- Problem details
Every line of the data below should be repeated exactly, and no picture should be copied.

- Stored data
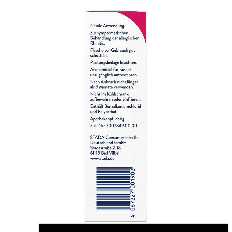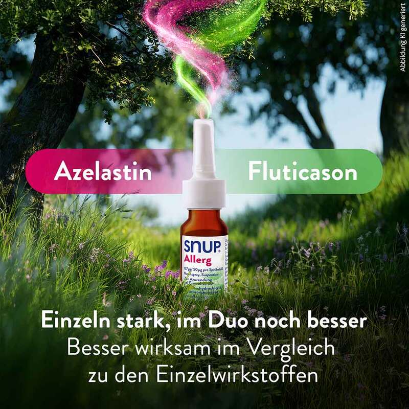 SNUP® Allerg 137 Mikrogramm/50 Mikrogramm pro Sprühstoß Nasenspray, Suspension Zur Anwendung bei Erwachsenen Wirkstoffe: Azelastinhydrochlorid/Fluticasonpropionat. Zur symptomatischen Behandlung der mittelschweren bis schweren saisonalen allergischen Rhinitis (Heuschnupfen) bei Erwachsenen. SNUP® Allerg darf erst angewendet werden, wenn eine mittelschwere bis schwere saisonale allergische Rhinitis von Ihrem Arzt diagnostiziert wurde und wenn die Anwendung von entweder einem nasalen Antihistaminikum oder einem Kortikosteroid allein nicht als ausreichend erachtet wird. Unter saisonaler allergischer Rhinitis versteht man allergische Reaktionen auf Substanzen wie Pollen (Heuschnupfen). SNUP® Allerg lindert die Beschwerden von Allergien, zum Beispiel: laufende Nase, Sekretabfluss aus der Nase in den hinteren Rachenraum, Niesen und juckende oder verstopfte Nase. Hinweis: Enthält Benzalkoniumchlorid und Polysorbat. Zu Risiken und Nebenwirkungen lesen Sie die Packungsbeilage und fragen Sie Ihre Ärztin, Ihren Arzt oder in Ihrer Apotheke. STADA Consumer Health Deutschland GmbH, Stadastraße 2–18, 61118 Bad Vilbel Stand: Mai 2025
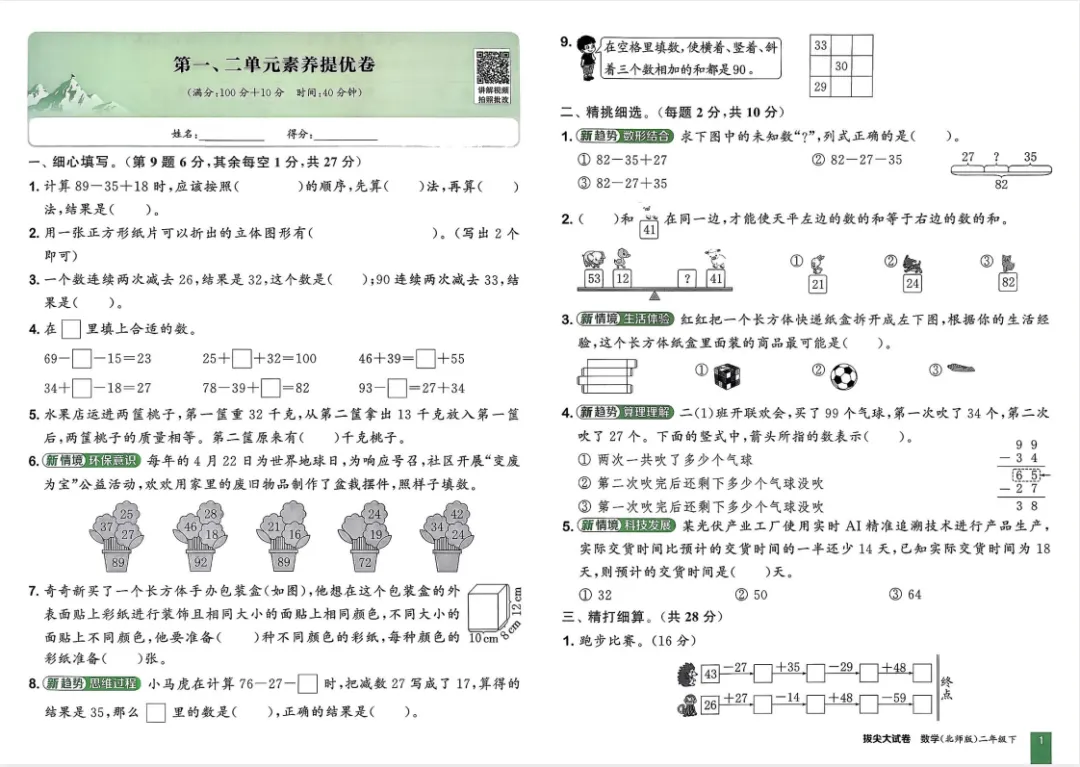 26春北师大版数学《拔尖大试卷》123456下,PDF电子版,免费下载
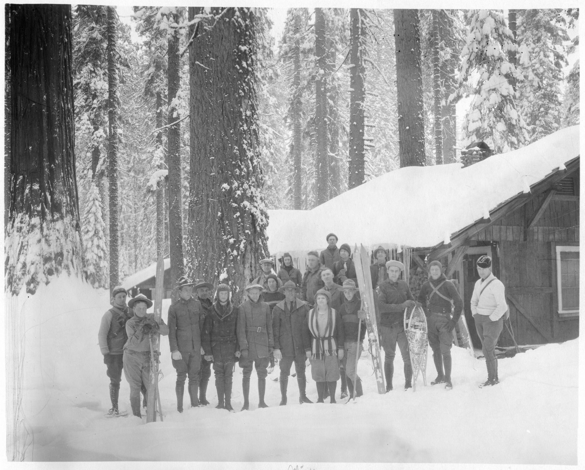 Skiing early skiers in Giant Forest. George Magley and wife in center. NPS Individuals. [8x10 print]
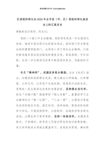 【七哥公文】2024年:区委组织部长在2024年全市县(市、区)委组织部长座谈会上的汇报发言+更多免费公文+VX:QiGeGongWen2024

- Response to this exercise
 SNUP® Allerg 137 Mikrogramm/50 Mikrogramm pro Sprühstoß Nasenspray, Suspension Zur Anwendung bei Erwachsenen Wirkstoffe: Azelastinhydrochlorid/Fluticasonpropionat. Zur symptomatischen Behandlung der mittelschweren bis schweren saisonalen allergischen Rhinitis (Heuschnupfen) bei Erwachsenen. SNUP® Allerg darf erst angewendet werden, wenn eine mittelschwere bis schwere saisonale allergische Rhinitis von Ihrem Arzt diagnostiziert wurde und wenn die Anwendung von entweder einem nasalen Antihistaminikum oder einem Kortikosteroid allein nicht als ausreichend erachtet wird. Unter saisonaler allergischer Rhinitis versteht man allergische Reaktionen auf Substanzen wie Pollen (Heuschnupfen). SNUP® Allerg lindert die Beschwerden von Allergien, zum Beispiel: laufende Nase, Sekretabfluss aus der Nase in den hinteren Rachenraum, Niesen und juckende oder verstopfte Nase. Hinweis: Enthält Benzalkoniumchlorid und Polysorbat. Zu Risiken und Nebenwirkungen lesen Sie die Packungsbeilage und fragen Sie Ihre Ärztin, Ihren Arzt oder in Ihrer Apotheke. STADA Consumer Health Deutschland GmbH, Stadastraße 2–18, 61118 Bad Vilbel Stand: Mai 2025
 26春北师大版数学《拔尖大试卷》123456下,PDF电子版,免费下载
 Skiing early skiers in Giant Forest. George Magley and wife in center. NPS Individuals. [8x10 print]
 【七哥公文】2024年:区委组织部长在2024年全市县(市、区)委组织部长座谈会上的汇报发言+更多免费公文+VX:QiGeGongWen2024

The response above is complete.